The Salvation had been streaming along at warp 6.5 for several hours now. A snail’s pace it seemed for such a powerful starship, but the cloaking device took a decent amount of power to run itself. The fact that the ship could hold 6.5 was an amazing feat of Romulan engineering.

They were 27 hours out from Vulcan, 10 away from Federation space. For some reason that Ranma could not quite put his finger on, it was not the forthcoming assault on Vulcan that worried the hell out of him, it was the 17 hours they would be driving through Federation space in an enemy – well, not enemy, but not allied – spaceship, unescorted.

The final group of officers began to wander into the conference room. Larson, the only one among them who appeared to be awake, moved quickly to the main viewer. Shampoo plopped down next to Ranma. The rest of the group, Minako, Makoto, Rei, and a seemingly repaired JC watched Larson, hoping the point would come quickly.

“Sorry to wake you all,” Larson apologized. The group mumbled incoherent acceptances. Larson, who himself had not slept in probably 40 hours, was wound up like a rabbit. The news he had gotten back from his unnamed contacts over subspace had just wound him up even more.

Larson looked to JC to make sure that he understood that he had really made things happen. “I sent the serial numbers from those parts you found off to some of my contacts for tracing.”

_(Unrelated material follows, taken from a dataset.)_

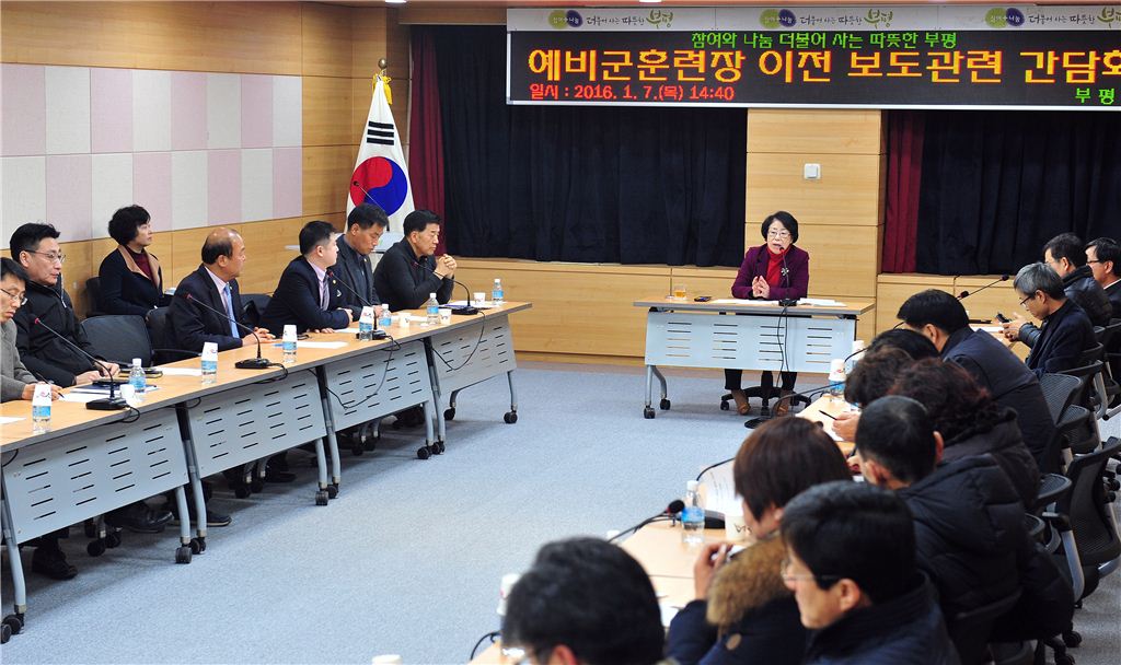 인천 통합예비군훈련장의 부평구 산곡동 이전 계획과 관련해 홍미영 부평구청장이 7일 긴급 간담회를 열고 있다. [사진= 부평구 제공]

JC woke up completely. “Oh?”

Larson nodded. “The Federation parts weren't all that helpful. They had been delegated for the Sisko as part of her initial refit and reclassification to the Trinity class. However, the Vulcan parts, after going through several very thorough laundering schemes were found to have been obtained by the Vulcan Ministry of Intelligence.”

Ranma looked at JC. “Didn't you say that shipyard Commodore was Vulcan?”

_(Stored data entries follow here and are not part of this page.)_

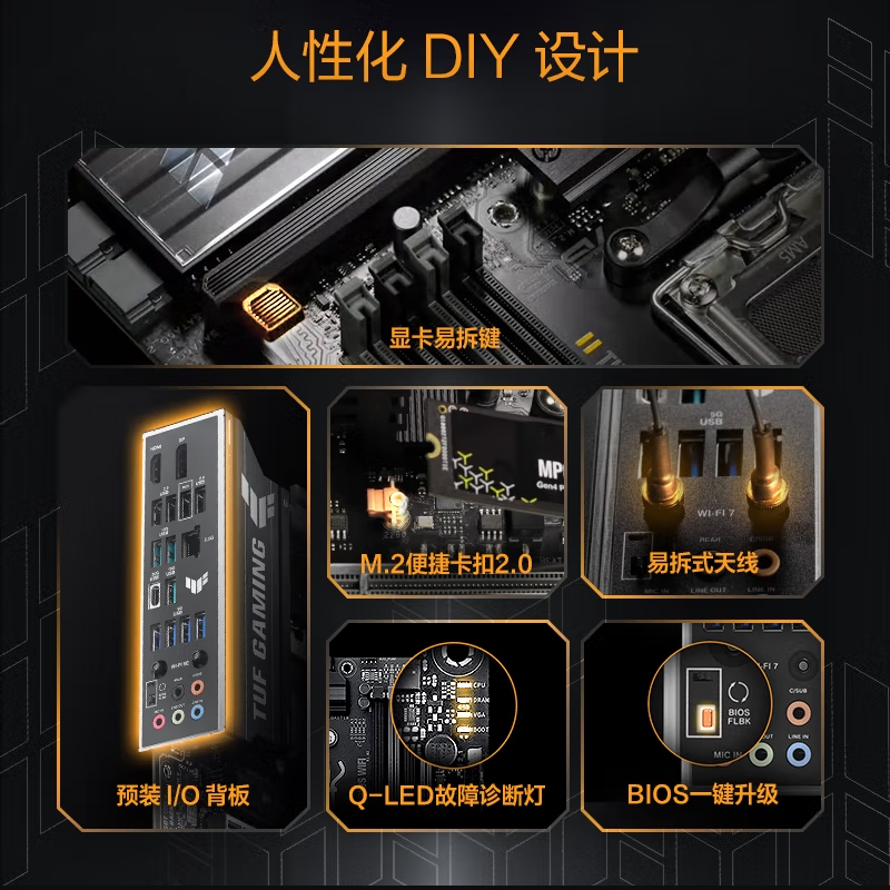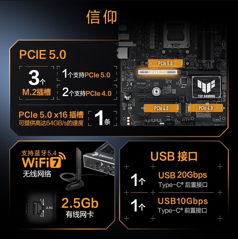 华硕TUF GAMING B850-PLUS WIFI主板 CPU 7800X3D/9800X3D/9600X(AM5)
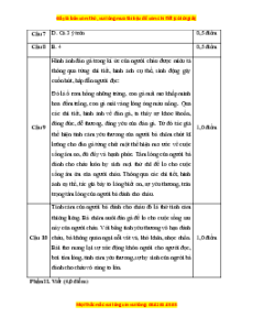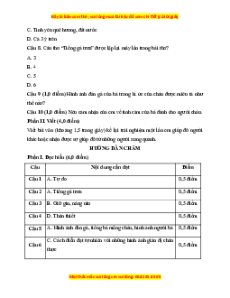 Lưu ý: Chỉ ghi điểm tối đa khi thí sinh đáp ứng đủ các yêu
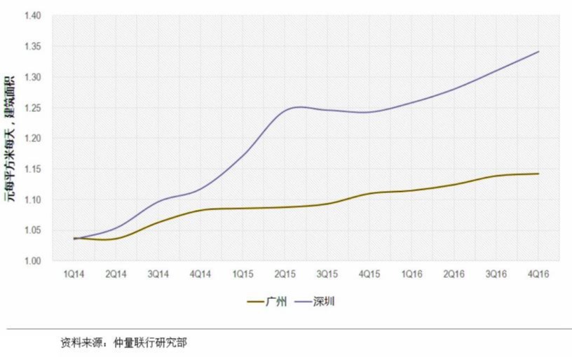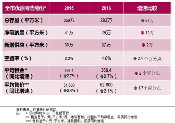 | 2016年广州市社会消费品零售总额的整体增速仍然缓慢,很多零售商本年度的销售业绩也相应平淡,导致零售业整体租赁需求依旧疲软。 |
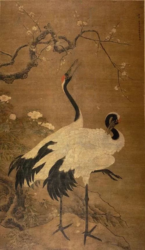 明代著名花鸟画家边景昭的《雪梅双鹤图》将白雪、白梅与单脚站立的白鹤置于同一画面,相映生辉、意趣盎然,造就了一幅妍丽生动、工致绝伦的花鸟画作品,也体现出《诗经》中“鹤鸣于九皋,声闻于野”的境界。The crane has served as a favorite subject for many traditional Chinese arts, frequently bestowed with noble, pure, and elegant connotations in the works of generations of art masters. "Snow Plums and Twin Cranes" by Chinese flower-and-bird painter Bian Jingzhao of the Ming Dynasty combines white snow, white plums and white cranes to wonderful effect, embodying the artistic concept of "cranes singing in the middle of the marsh, with their sound being heard in the wild" from "The Book of Songs" - the oldest existing anthology of Chinese poetry.

JC nodded. “I bet if we got a hold of him...”

“He's dead,” Larson interjected.

Anyone in the room who was not fully awake before was now. Most of the heads in the room slowly turned to Larson.

“His landing thrusters 'malfunctioned' as he was trying to land in San Francisco,” Larson explained.

“You don't believe that do you?” Makoto asked.

“No,” Larson stated. “No more than I believe that Vora's transport collision was an accident.”

“Why kill Vora though?” Minako asked. “That seems like it would scream for a huge investigation.”

“Vora would block the secession,” Larson explained. “The second-in-command of the High Command, Sala, wasn't totally for it, but he wouldn't – and as expected didn't – block it,” Larson smirked before continuing. “As for the investigation, well everything pointed towards a thruster malfunction that sent a second transport into the path of Vora's.”

Larson turned to Minako with a smug grin on his face. “Conspiracy theories are not logical and therefore are normally dismissed with little reverence.”

Larson turned to the device that was projected onto the view screen and crossed his legs as he tented his fingers. “Now that we have evidence that this device came from the MoI, it's imperative that we rescue Saanik. He can likely give us insight on who would be able to get these devices and where they might be.”

Rei nodded. “I've never broken anyone out of jail before, but we'll be ready, Admiral.”

Larson nodded. “I know you will be, Commander. I wouldn't trust the fate of the Federation in just anyone's hands.”